* EXERCISE DIRECTIONS: The span to repeat in the listing below runs from the line containing "위의 방법을 통해서 시도했을" to the line containing "Egentligen är väl", inclusive. Repeat it exactly, and only it.

━━━━━ DATA SECTION

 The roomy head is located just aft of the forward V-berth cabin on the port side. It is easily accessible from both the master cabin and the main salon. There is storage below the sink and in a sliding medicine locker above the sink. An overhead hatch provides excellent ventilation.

━━━━━━━━━━
━━━━━ DATA SECTION

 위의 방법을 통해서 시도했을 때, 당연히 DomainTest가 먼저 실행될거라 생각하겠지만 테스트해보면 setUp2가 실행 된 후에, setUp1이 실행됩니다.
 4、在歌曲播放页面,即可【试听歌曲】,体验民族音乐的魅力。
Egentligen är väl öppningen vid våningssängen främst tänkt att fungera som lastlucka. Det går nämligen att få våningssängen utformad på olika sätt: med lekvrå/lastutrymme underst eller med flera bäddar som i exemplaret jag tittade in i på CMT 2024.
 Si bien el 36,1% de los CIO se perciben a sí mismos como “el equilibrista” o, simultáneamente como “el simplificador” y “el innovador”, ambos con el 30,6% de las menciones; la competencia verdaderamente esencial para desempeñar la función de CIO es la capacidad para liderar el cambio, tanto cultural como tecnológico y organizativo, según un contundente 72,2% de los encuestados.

━━━━━━━━━━
━━━━━ DATA SECTION

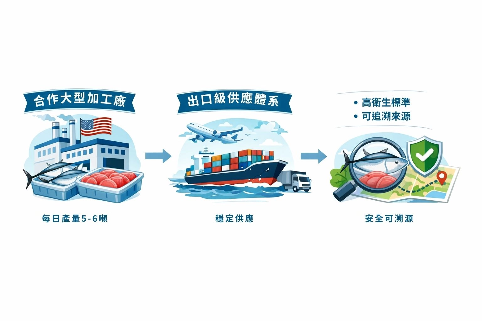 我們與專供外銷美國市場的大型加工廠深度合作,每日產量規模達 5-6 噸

━━━━━━━━━━

* WRITTEN ANSWER:
 위의 방법을 통해서 시도했을 때, 당연히 DomainTest가 먼저 실행될거라 생각하겠지만 테스트해보면 setUp2가 실행 된 후에, setUp1이 실행됩니다.
 4、在歌曲播放页面,即可【试听歌曲】,体验民族音乐的魅力。
Egentligen är väl öppningen vid våningssängen främst tänkt att fungera som lastlucka. Det går nämligen att få våningssängen utformad på olika sätt: med lekvrå/lastutrymme underst eller med flera bäddar som i exemplaret jag tittade in i på CMT 2024.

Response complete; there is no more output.